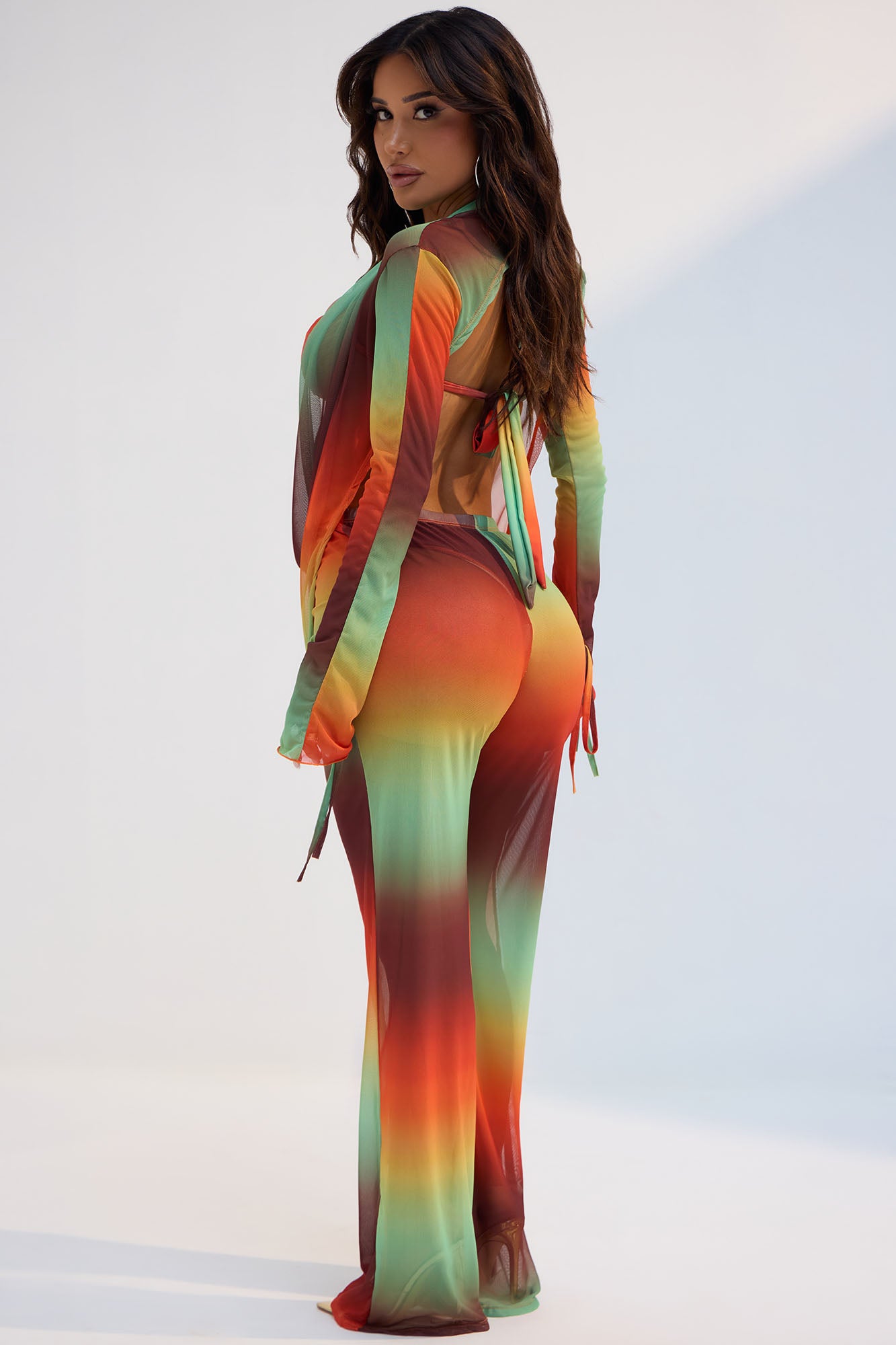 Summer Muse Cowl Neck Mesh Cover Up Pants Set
---
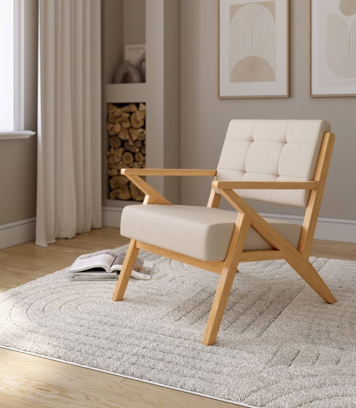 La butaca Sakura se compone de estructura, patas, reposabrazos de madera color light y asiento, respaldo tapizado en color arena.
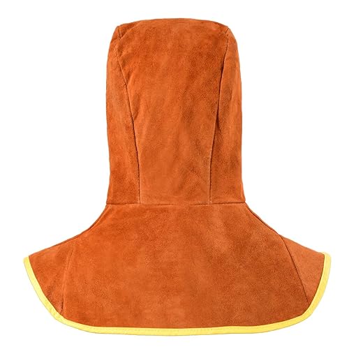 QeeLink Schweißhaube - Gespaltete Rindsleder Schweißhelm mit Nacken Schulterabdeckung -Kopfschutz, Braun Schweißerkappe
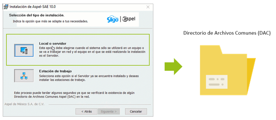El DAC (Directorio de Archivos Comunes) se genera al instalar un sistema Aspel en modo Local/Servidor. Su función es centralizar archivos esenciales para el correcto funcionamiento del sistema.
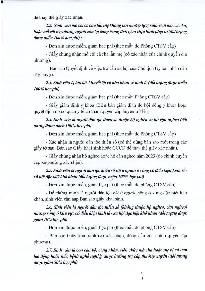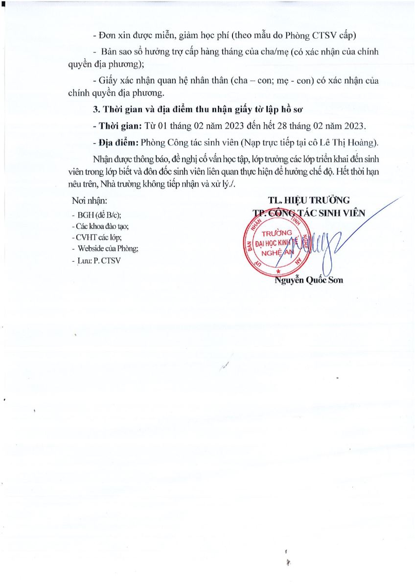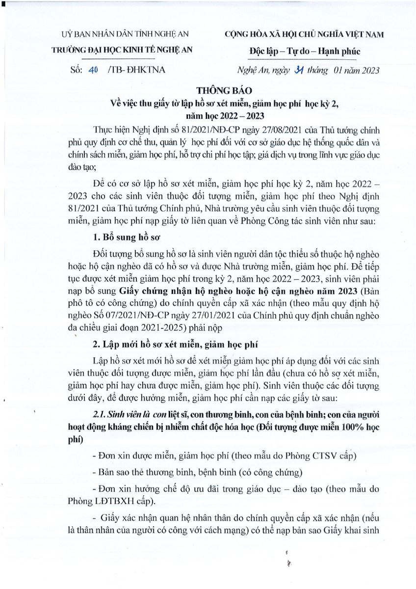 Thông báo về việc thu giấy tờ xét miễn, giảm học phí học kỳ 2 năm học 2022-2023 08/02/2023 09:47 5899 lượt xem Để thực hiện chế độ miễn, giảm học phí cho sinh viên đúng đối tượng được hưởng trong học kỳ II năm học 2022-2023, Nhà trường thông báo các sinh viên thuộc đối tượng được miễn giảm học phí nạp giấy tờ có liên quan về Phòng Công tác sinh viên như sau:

What is required: Excluding any pictures, print exactly the lines of the listing above from the line with "El DAC (Directorio" to the line with "Thông báo về", both ends included.

Result:
El DAC (Directorio de Archivos Comunes) se genera al instalar un sistema Aspel en modo Local/Servidor. Su función es centralizar archivos esenciales para el correcto funcionamiento del sistema.
 Thông báo về việc thu giấy tờ xét miễn, giảm học phí học kỳ 2 năm học 2022-2023 08/02/2023 09:47 5899 lượt xem Để thực hiện chế độ miễn, giảm học phí cho sinh viên đúng đối tượng được hưởng trong học kỳ II năm học 2022-2023, Nhà trường thông báo các sinh viên thuộc đối tượng được miễn giảm học phí nạp giấy tờ có liên quan về Phòng Công tác sinh viên như sau:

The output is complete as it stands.